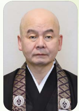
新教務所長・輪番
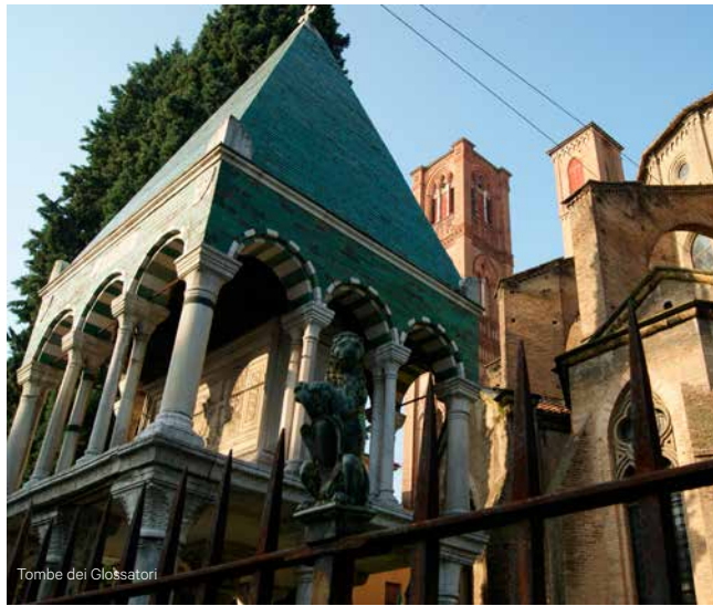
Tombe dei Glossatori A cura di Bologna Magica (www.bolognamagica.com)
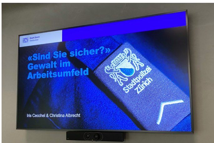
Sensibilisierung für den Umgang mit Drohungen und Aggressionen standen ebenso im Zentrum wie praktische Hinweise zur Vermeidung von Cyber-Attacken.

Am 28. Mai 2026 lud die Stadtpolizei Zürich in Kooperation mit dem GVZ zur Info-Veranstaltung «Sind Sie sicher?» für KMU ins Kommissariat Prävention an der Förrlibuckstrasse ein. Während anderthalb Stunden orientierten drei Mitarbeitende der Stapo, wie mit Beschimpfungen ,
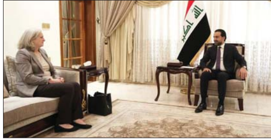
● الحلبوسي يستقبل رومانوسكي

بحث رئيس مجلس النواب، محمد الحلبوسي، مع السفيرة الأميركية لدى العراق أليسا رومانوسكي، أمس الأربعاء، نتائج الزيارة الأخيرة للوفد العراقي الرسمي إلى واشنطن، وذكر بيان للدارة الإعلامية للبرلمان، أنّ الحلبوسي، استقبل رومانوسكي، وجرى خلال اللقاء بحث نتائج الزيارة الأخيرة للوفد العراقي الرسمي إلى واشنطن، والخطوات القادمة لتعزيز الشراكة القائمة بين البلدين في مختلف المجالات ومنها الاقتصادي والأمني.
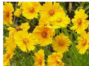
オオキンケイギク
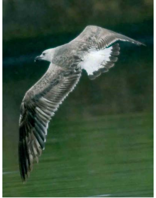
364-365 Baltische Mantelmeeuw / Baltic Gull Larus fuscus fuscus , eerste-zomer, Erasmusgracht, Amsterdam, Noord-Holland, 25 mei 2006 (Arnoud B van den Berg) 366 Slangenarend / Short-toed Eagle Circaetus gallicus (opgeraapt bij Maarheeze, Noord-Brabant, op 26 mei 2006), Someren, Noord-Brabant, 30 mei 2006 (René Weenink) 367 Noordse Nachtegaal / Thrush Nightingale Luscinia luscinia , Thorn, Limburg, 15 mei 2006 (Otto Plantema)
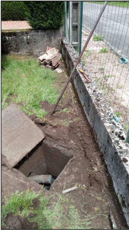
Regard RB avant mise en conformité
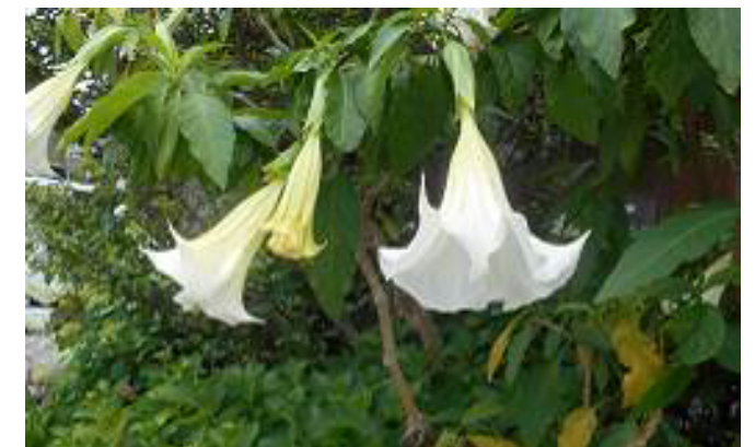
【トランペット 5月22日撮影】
============================================================
> **Exercise instructions**: Pictures should be omitted. Please return exactly the lines from the line that holds "364-365 Baltische Mantelmeeuw" through the end of the records.

> **Written solution**:
364-365 Baltische Mantelmeeuw / Baltic Gull Larus fuscus fuscus , eerste-zomer, Erasmusgracht, Amsterdam, Noord-Holland, 25 mei 2006 (Arnoud B van den Berg) 366 Slangenarend / Short-toed Eagle Circaetus gallicus (opgeraapt bij Maarheeze, Noord-Brabant, op 26 mei 2006), Someren, Noord-Brabant, 30 mei 2006 (René Weenink) 367 Noordse Nachtegaal / Thrush Nightingale Luscinia luscinia , Thorn, Limburg, 15 mei 2006 (Otto Plantema)
Regard RB avant mise en conformité
【トランペット 5月22日撮影】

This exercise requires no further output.